** Task directions **
Write out every line below again exactly as it stands, skipping each image.

** Input data **
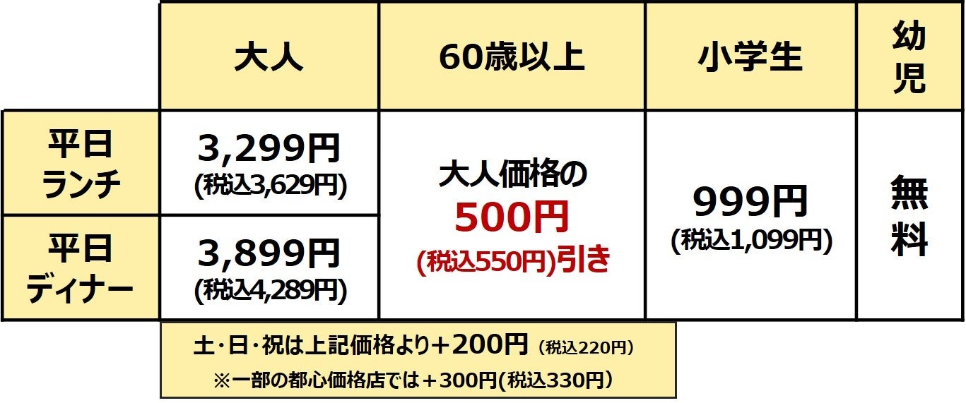 ②幼児は無料!小学生は全コース税込1,099円&60歳以上の方は税込550円引き
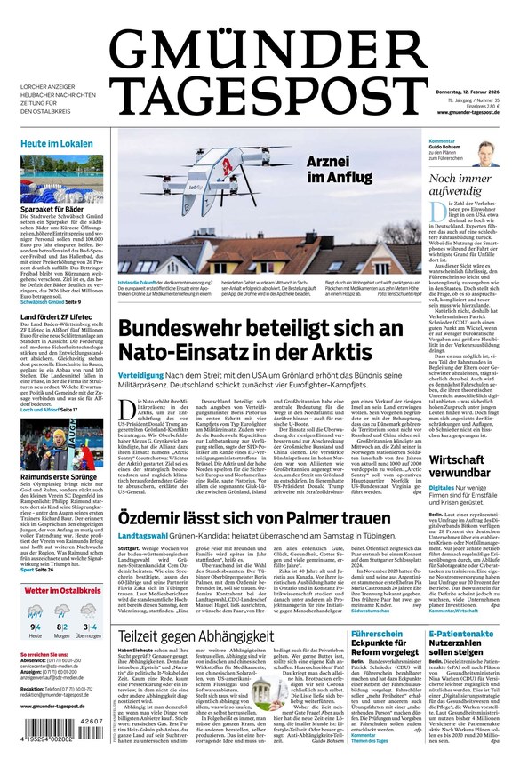 Die Gmünder Tagespost ist die lokale Tageszeitung im Ostalbkreis. Das ePaper informiert von Montag bis Samstag über alle wichtigen Themen in der Region und darüber hinaus. Weiterlesen...
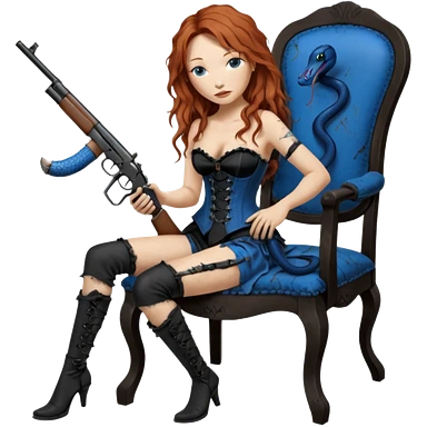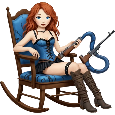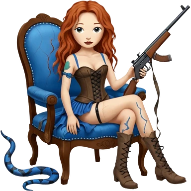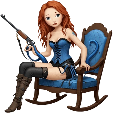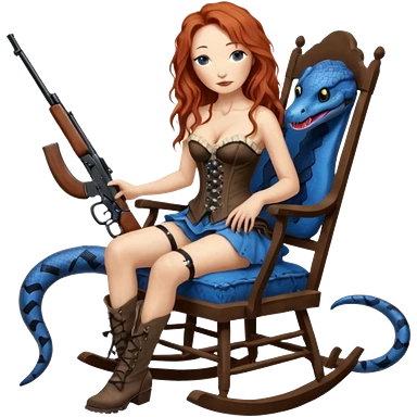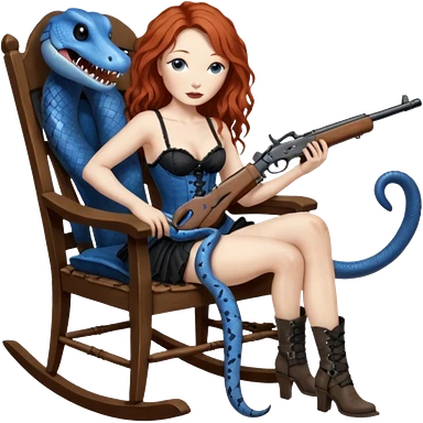 realistic cinematic Tori Amos sits on a rocking chair in a torn corset, holding an antique rifle and her bare feet are muddy. A blue snake is wrapped around the chair. emoji

** Exercise result **
 ②幼児は無料!小学生は全コース税込1,099円&60歳以上の方は税込550円引き
 Die Gmünder Tagespost ist die lokale Tageszeitung im Ostalbkreis. Das ePaper informiert von Montag bis Samstag über alle wichtigen Themen in der Region und darüber hinaus. Weiterlesen...
 realistic cinematic Tori Amos sits on a rocking chair in a torn corset, holding an antique rifle and her bare feet are muddy. A blue snake is wrapped around the chair. emoji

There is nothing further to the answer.